- Region: Bay Islands Department (Honduras)
- Language family: Indo-European GermanicWest GermanicNorth Sea GermanicAnglo-FrisianEnglishCaribbean EnglishCayman Islands EnglishBay Islands English; ; ; ; ; ; ; ;
- Early forms: Old English Middle English Early Modern English Cayman Islands English ; ; ;
- Writing system: Latin (English alphabet)

Language codes
- ISO 639-3: –
- IETF: en-u-sd-hnib

= Bay Islands English =

English based Creole spoken in Honduras

Bay Islands English is an English based creole spoken in the Bay Islands Department (Guanaja, Roatán, Utila), and the Caribbean coast of Honduras (most notably in the Atlántida Department, and Colón Department). It includes influences from Spanish, Indigenous Languages, African Languages, and later other Caribbean English most notably from the Cayman Islands. Ethnologue reported that there were 22,500 native speakers in 2001. Mainlanders know this language as Caracol, which literally means "conch". Genealogically this variety descends from Cayman Islands English.

== Phonology ==
The NURSE vowel varies in quality in Bay Islands English. Roatan speakers usually realize it as either [ï] or [ʌ], as do Utilian speakers (although among them, the balance favors [ï] over [ʌ]). The dialect largely features the fern-fir-fur split. The FUR vowel is predominantly realized as [ʌ] by Roatan speakers. About 3/4 of male Utila speakers also realize it in this way, but about 5/6 of female Utila speakers realize it as either [ɛ̱] or [ï]. (Among them, [ɛ̱] is also the most common pronunciation for the FERN vowel, while [ï] is also the most common pronunciation for the FIR vowel.) Some Utila speakers also realize the FUR vowel as [ɔ], although pronouncing "turtle" as [tɔɹtil] is also common for Roatan speakers.
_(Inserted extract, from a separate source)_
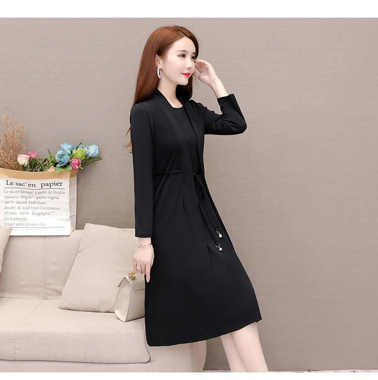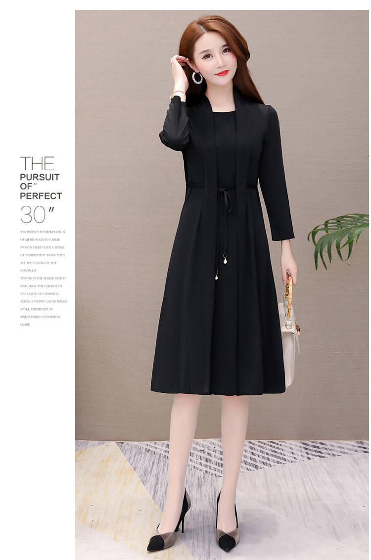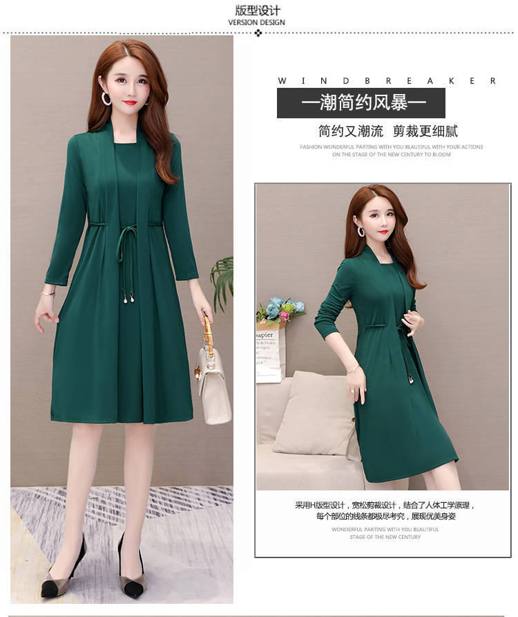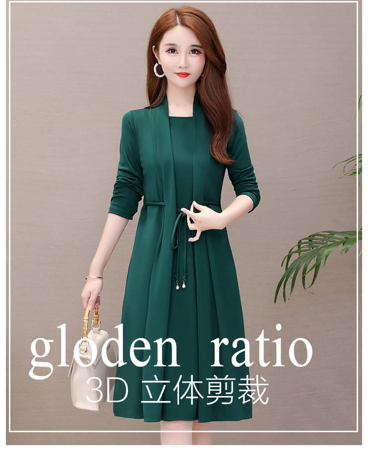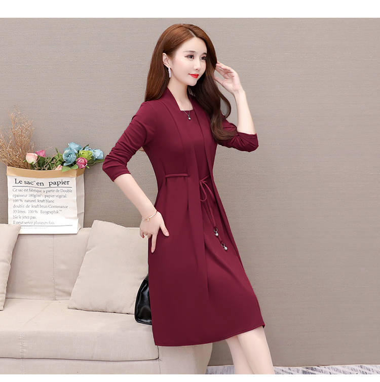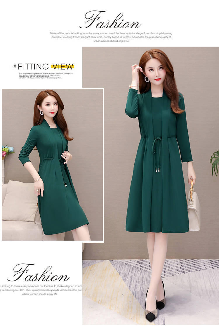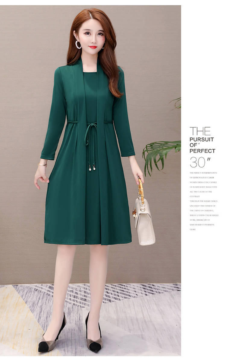 Vestido de Dos Piezas de Vacaciones de Primavera y Otoño 2025 para Mujer Adelgazante Manga Larga Señora Señora Moda Temperamento Edad Media Mamá

The FERN vowel is the most varied of the three, as it has possible realizations like [ɔ(:)], [ɒ(:)], [ɑ(:)], [ʌ(:)], [ɛ(:)], [ɛ̱(:)], and [i(:)]. Approximately 12/18 Roatan speakers pronounce it as a low back vowel, while this is not the norm for Utilian speakers. Approximately 5/6 Utilian female speakers pronounce the FERN vowel as a front vowel, while only about 3/18 Roatan speakers pronounce it with a front vowel (in their case, it is never pronounced as [i]). Graham (1997) has noted that all speakers make a distinction between the vowel qualities in the words "learn" and "girl", while 26/28 speakers distinguish the vowel in "learn" from those in "third" and "bird". He has also theorized that the fern-fir-fur split in Bay Islands English is likely a result of influence from Scottish English, which also has this phenomenon, and neither RP nor GA having a strong dominant influence on the dialect's historical phonological development.

Bay Islands English is generally rhotic. Most white speakers always pronounce it as //r//. It is often elided in post-vocalic, and especially in unstressed word-final position, among black speakers.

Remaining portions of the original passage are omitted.